Obed a remporté le prix des 10 jeunes exceptionnels de la Jeune Chambre Internationale en 2019. Membre de plusieurs organisations, il a également cofondé Digital Grassroots, un organisme à but non lucratif qui engage de manière proactive les jeunes à résoudre les problèmes liés à Internet dans leurs communautés grâce à l’alphabétisation numérique, au réseautage et à l’activisme.
Afin de catalyser les réseaux communautaires, l’antenne haïtienne a récemment organisé une formation de six semaines à l’intention de 120 jeunes professionnels issus de l’organisme de régulation (CONATEL), du secteur privé et de la société civile, afin de les aider à mettre en place des réseaux communautaires. Soutenues par une petite subvention Beyond the Net de 3 500 dollars US de l’Internet Society Foundation, les formations se sont déroulées en ligne de juin à juillet 2020. Presque tous les participants ont terminé la formation et 87 ont obtenu un certificat.
L’antenne a également publié un livre analysant les défis auxquels les réseaux communautaires sont confrontés en Haïti, comme le fait qu’une bonne connexion Internet peut coûter environ 8 % du salaire mensuel d’un utilisateur – un obstacle majeur dans un pays où 70 % de la population vit avec moins de 2 $ par jour. Un article souligne que la couverture électrique est inégale, atteignant 50 % dans les zones urbaines, contre seulement 15 % dans les zones rurales. Parmi les autres défis explorés figurent l’absence de réglementation, les problèmes de spectre/fréquence et le retour sur investissement dans les communautés à faible pouvoir d’achat.
Le livre comprend également des témoignages de participants à la formation du CN :
« Cette formation constitue une riche opportunité pour les jeunes Haïtiens, comme moi, qui sont prêts à s’engager dans un changement positif par le biais de l’action communautaire ».
Livens Saint-Vil, technicien à la Radio Universelle qui envisage d’établir un réseau communautaire à Dilaire, dans le nord-est du pays.

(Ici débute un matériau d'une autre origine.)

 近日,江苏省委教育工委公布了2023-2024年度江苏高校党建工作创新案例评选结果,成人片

Obed indique que l’antenne prévoit d’organiser une deuxième formation pour les participants les plus engagés, avec du matériel pour promouvoir l’accès dans des écoles marginalisées spécifiques.

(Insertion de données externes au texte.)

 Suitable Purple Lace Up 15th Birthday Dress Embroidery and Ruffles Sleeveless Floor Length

Il dit que pendant le blocage du COVID-19, Haïti a joué avec des classes en ligne, mais il y avait trop de défis et de lacunes [dans l’accès à l’Internet, aux appareils, à l’espace, à l’électricité, etc.] Le gouvernement a également envisagé l’enseignement par la télévision, mais cela ne s’est jamais concrétisé. Le télétravail n’était une option que pour l’élite.

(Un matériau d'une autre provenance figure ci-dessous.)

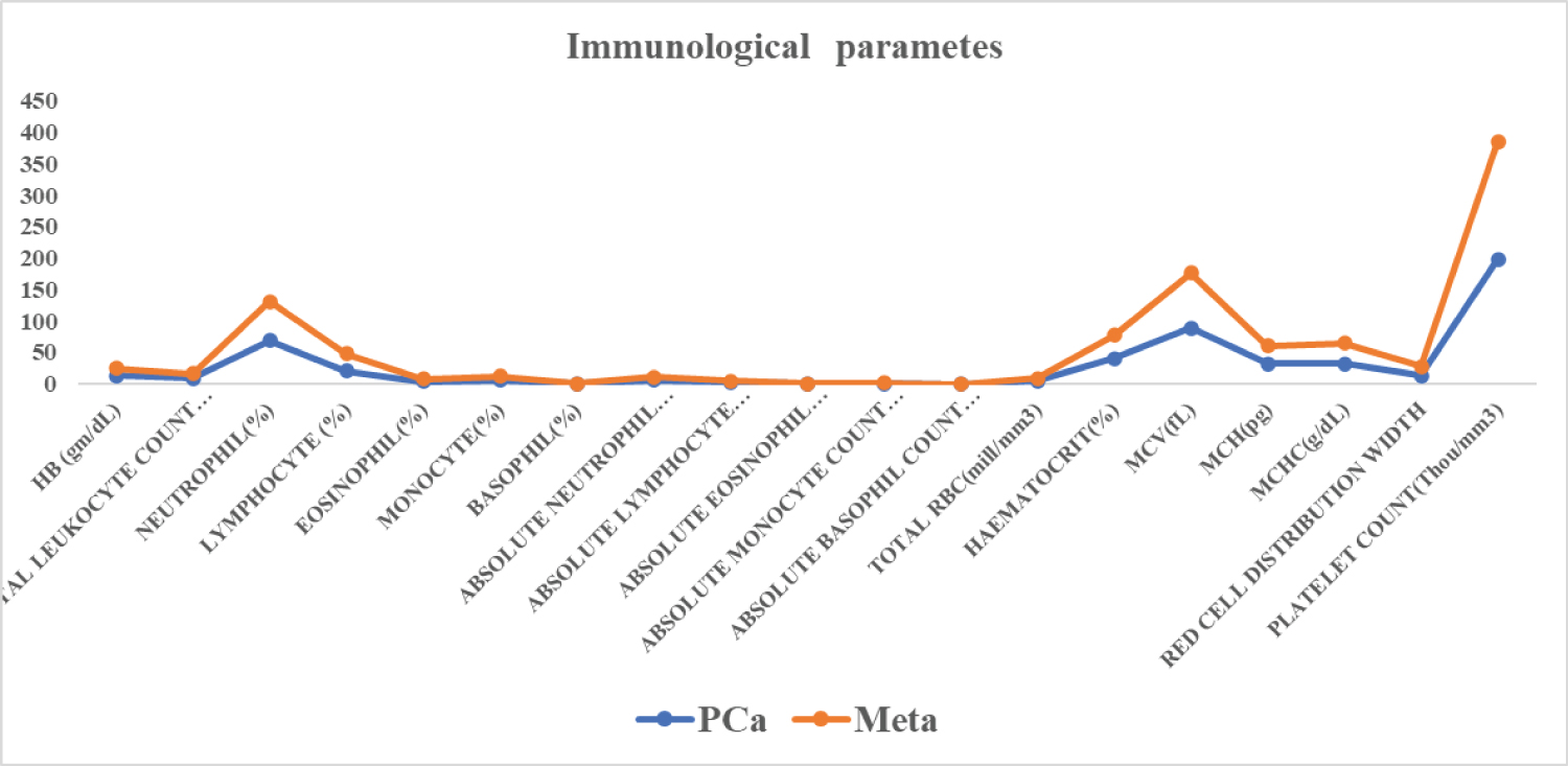 A total of 40 patients diagnosed with PCa were recruited in this study at the Department of Urology, AIIMS, New Delhi. To search for signs of possible metastases to the skeletal locations, a bone scan was performed. Men with age > 40 years with elevated PSA level (> 4 ng/mL) who underwent 12 core TRUS guided prostate biopsy and bone scan. Subjects with high risks of tumors and the presence of bone metastases with higher GS (7 or 8-10) were included in the metastasis group. In another group, no evidence of metastasizing in the bone scan. Patients with diabetes mellitus, hypertension, and other metabolic disorders were excluded. Blood samples were collected from bone metastases patients with PCa (n = 20 mean age: 66.0 ± 8.8 years), PSA: 268 (7.94-20500) ng/mL, and non-metastases patients (n = 20, mean age: 64.6 ± 8.3 years), PSA: 18.28 (5.02-54.40) ng/mL, in morning pre-prandial after overnight fasting. Blood reports of all patients were collected from the Department of Urology at AIIMS, New Delhi. Blood parameters such as hemoglobin (HB) (gm/dL),total leukocyte count (thou/mm3), neutrophil (%), lymphocyte (%), eosinophil (%), monocyte (%), basophil (%), absolute neutrophil count (thou/mm3), absolute lymphocyte count (thou/mm3), absolute eosinophil (thou/mm3), absolute monocyte count (thou/mm3), absolute basophil count (thou/mm3), RBC (mill/mm3), hematocrits (%), MCV (fL), MCH (pg), MCHC (g/dL), and platelet count (thou/mm3) value included in these study. Informed consent was taken and the institute's ethics committee approved the study.

L’Antenne a également demandé et vient d’obtenir une grosse subvention Beyond the Net de 30 000 USD de la Fondation Internet Society pour une initiative visant à cartographier l’accès et les vitesses de l’Internet, en particulier dans les endroits les plus vulnérables qui pourraient bénéficier des CN. Le rapport de référence comblera le manque de données nationales, car les institutions haïtiennes s’appuient actuellement sur des estimations mondiales au lieu de produire leurs propres données.
« Grâce à ces données locales ciblées, nous espérons inciter les décideurs à agir. Ils verront immédiatement les besoins », déclare Obed. « Nous devons également assurer non seulement leur création, mais aussi leur continuité ».